Rollin & I had several conversations about the wrinkles. He insists the canvas wasn't tight enough. He's got the experience... so I guess I'm crazy for not agreeing with him... But I was there and I just don't believe it. I mean, to cause all the wrinkles I had the canvas had to have expanded by, I'd say, 1/4" to 1/2". What would cause that? It's like the mud caused the canvas fibers to relax. And after the wrinkles appeared the cold weather abated a bit, so I moved the canoe to soak up the sun. The heat caused the wrinkles to almost completely disappear - but they reappeared worse than ever a few hours later with the cold/freezing night. I'm still damn puzzled. If you do a search in the Forum on 'wrinkles' I think you can see the pics.

I have to give the squeegee some thought. I've got 2 more to do this summer. Maybe I'll give it a try.
 
I guess I'm crazy for not agreeing with him... But I was there and I just don't believe it.

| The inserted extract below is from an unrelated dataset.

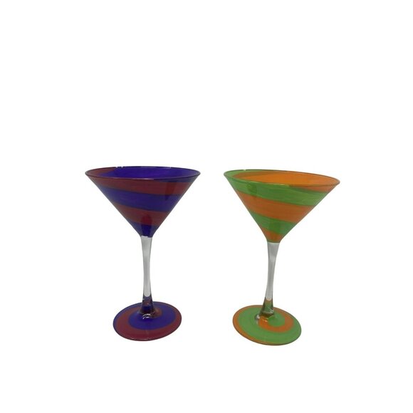 Set of 2 Detroit Glass Company Hand-Painted Swirl Martini Glasses Orange/Green a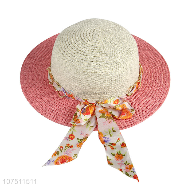 Wholesale fashion women summer ribbon straw hats sun hat

I mean, to cause all the wrinkles I had the canvas had to have expanded by, I'd say, 1/4" to 1/2". What would cause that?

Howie......

Rollin has built a few boats. When he says your canvas was too loose I would not question him...yes you are.
I have used his filler (and rolled it).
Wrinkles don't happen if the canvas is properly stretched. Take ownership of the fact that you did not get it right. Most folks simply have no idea how tight the canvas can be (should be) pulled.

Fitz explained it perfectly. Do what he said. He's done a few (quite a few) boats and I would say he's spot on...
And the squeegee...it makes sense, been meaning to try that some day, but what I do works fine so I probably won't.